Has anyone tried coveerting their ssc32 to wireless? I am not sure if this is the right link http://www.ebay.com/itm/250914353883?ssPageName=STRK:MEWAX:IT&_trksid=p3984.m1438.l2649 but somewhere I seen some adapter that plugs to the computer and the other to the ssc32 so no wires are needed from the computer to the device.


----------



## HomeyDaClown (Oct 3, 2009)

I blinked and they were gone!

Wonder what's up over at DFRobot (a front for a Shanghai manufacturer),
that product has disappeared. Maybe Lynxmotion got mad at them.

Turns out the Bluetooth version I found really has nothing to do with the Arduino other than it shares the same Atmel processor. No bluetooth built-in, it is an add-on option only.

Found a few on Ebay and other sites at varying prices but kinda scary that they dissappeared from the manufacturer's site.


----------



## HomeyDaClown (Oct 3, 2009)

*USB SSC32 Boards Discontinued*

Just heard from Hector at DFRobot and he says they have been discontinued all of a sudden. Wonder if Lynxmotion threatened a lawsuit...the boards were functionally identical except for the USB port. Kinda strange since DFRobot also sells Lynxmotion products.

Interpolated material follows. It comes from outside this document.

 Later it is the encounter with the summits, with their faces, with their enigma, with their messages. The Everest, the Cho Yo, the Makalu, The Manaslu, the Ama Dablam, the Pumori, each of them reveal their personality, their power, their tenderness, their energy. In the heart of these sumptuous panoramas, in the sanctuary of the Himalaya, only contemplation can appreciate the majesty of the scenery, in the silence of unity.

I wonder why Lynxmotion never updated their boards, they still use the old Atmega chips and serial ports.


----------



## bfrd22 (Sep 30, 2011)

Got Mine, glad I grabbed one when I did,


----------



## soundmankc (Oct 5, 2011)

They are available from Triaxial skull labs. I also ordered two of the Bluetooth V3 modules (back ordered) I will post some results when they get here and I get them up and running. There is a good tutorial here:
droboticsonline.com/ebaydownloads/*BluetoothV3*%20Manual.pdf

I am shooting to go wireless this year.


----------



## HomeyDaClown (Oct 3, 2009)

Yes, we had them for about a week until they evaporated in about three days. We had many on order but the manufaturer shut down production all of a sudden without any warning and our orders were cancelled.

I still have a few on their way but not sure if we can continue if we cannot depend on the supply. A limited supply should be back in stock soon, but we already have three replacement models in testing from hopefully better suppliers. We are also designing our own controller.

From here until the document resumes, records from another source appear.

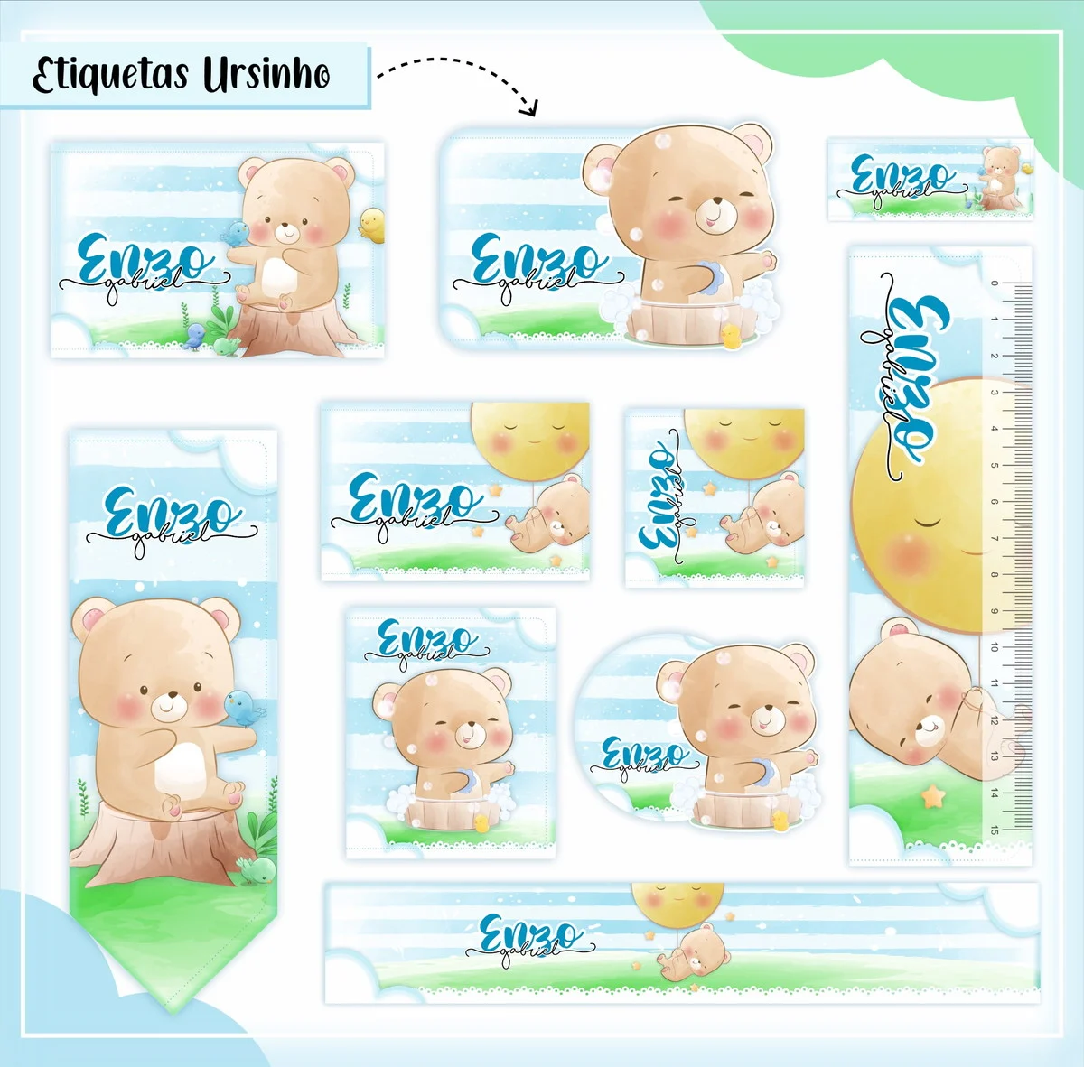 Etiqueta Escolar Ursinho Studio, Png e Pdf. Ideal para o início do ano letivo, aniversários, eventos escolares ou para facilitar a identificação de materiais de uso coletivo,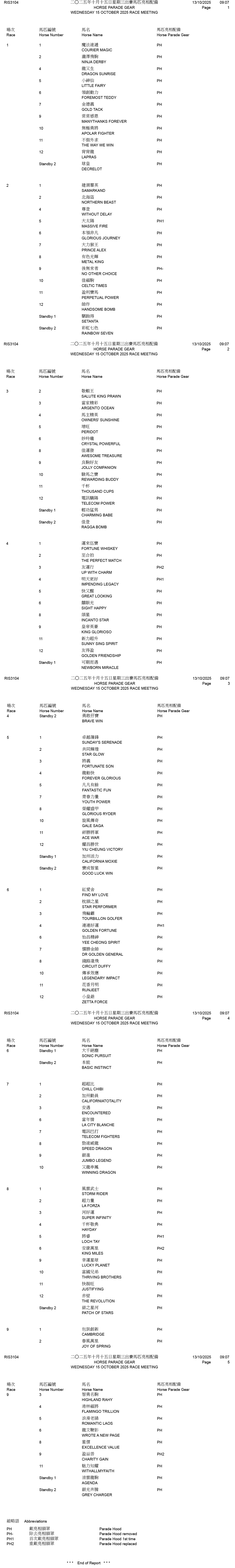 Horses stabled in Conghua since last start – Wednesday 15 October 2025 Race Meeting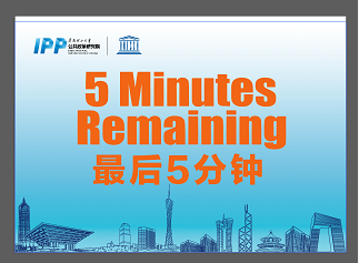 再則,有些會議需要嘉賓限時發(fā)言,當(dāng)嘉賓發(fā)言時間快到,比如還剩5分鐘時,就會舉牌提示;時間結(jié)束也會提示,這些指示語該如何翻譯呢?

It is a shame because these boards work great.


By the way, I am the engineer behind Triaxial Skull Labs.


----------



## Aswrn (Feb 29, 2012)

Hey Homey, will your replacement model that's decided on have an USB connection on the board like the USB-SSC-32 did? Do you have an idea of about when you'll start to offer the new controller once the testing is done.

Also, while I have your attention, how goes the moving eye kits? Will they be offered soonish?

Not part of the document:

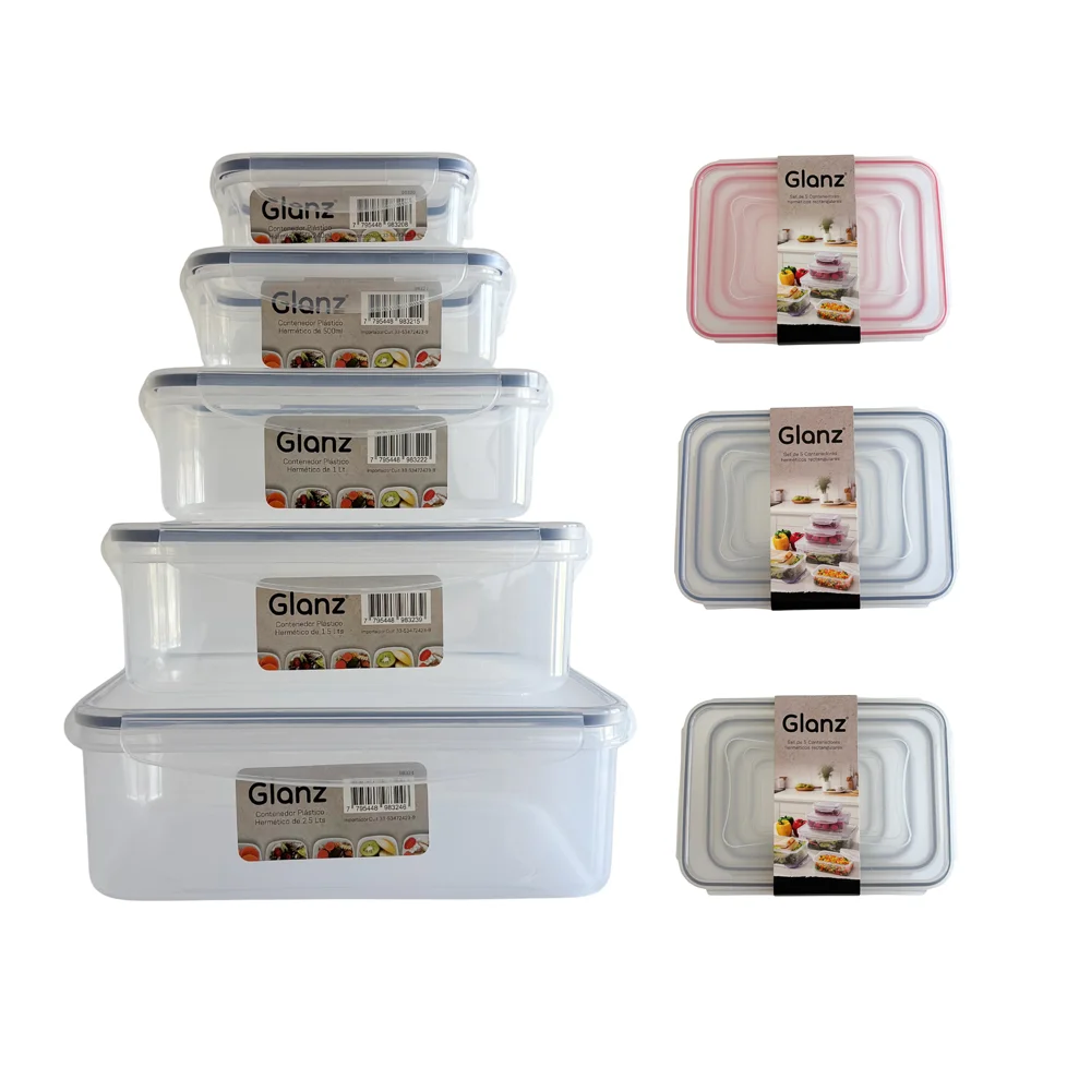Set x 5 hermeticos rect. glanz tapa clip ( 98337 )

I ask all this because I'll be starting 2 or 3 skulls from scratch and trying to figure out what’s going on my purchasing list. I'm dead set on your full twisty kit but undecided if I should wait for the eye kits to come out or just buy the skull kits now and get eye kits later.


----------



## HomeyDaClown (Oct 3, 2009)

We are not considering any controller without a USB connection. We are testing USB drivers as well as compatibility with existing SSC32 protocols. No time frame yet. 
I know, I know, everyone wants Homey's eyes....the eyes have it I guess.

Bottom line is that it takes time to get things together, manufacturing, fabrication and assembly, a lot of things fit into the eye puzzle.
I really hate promising dates or sneak previews, especially if I do not have firm dates for any of the above to go on yet. We are just doing the best we can do at this point.


----------



## Aswrn (Feb 29, 2012)

Awesome, I'm going to wait and see what you guys come up with on the controllers then. Unless I'm able to grab one of the limited supply ones you get in. 

Hmm, with what you said about the eye kits, sounds like it might be better for me to just get the skull kits now and then add eyes later on. 

Thanks for getting back to me Homey.


----------



## dionicia (Aug 4, 2007)

I can't wait to see your usb controller. It would be nice if Lyxnmotion did pull the trigger and move over to usb. It would help to save some money.


----------



## bfrd22 (Sep 30, 2011)

All together now HOMEY! .....HOMEY!........ HOMEY!


----------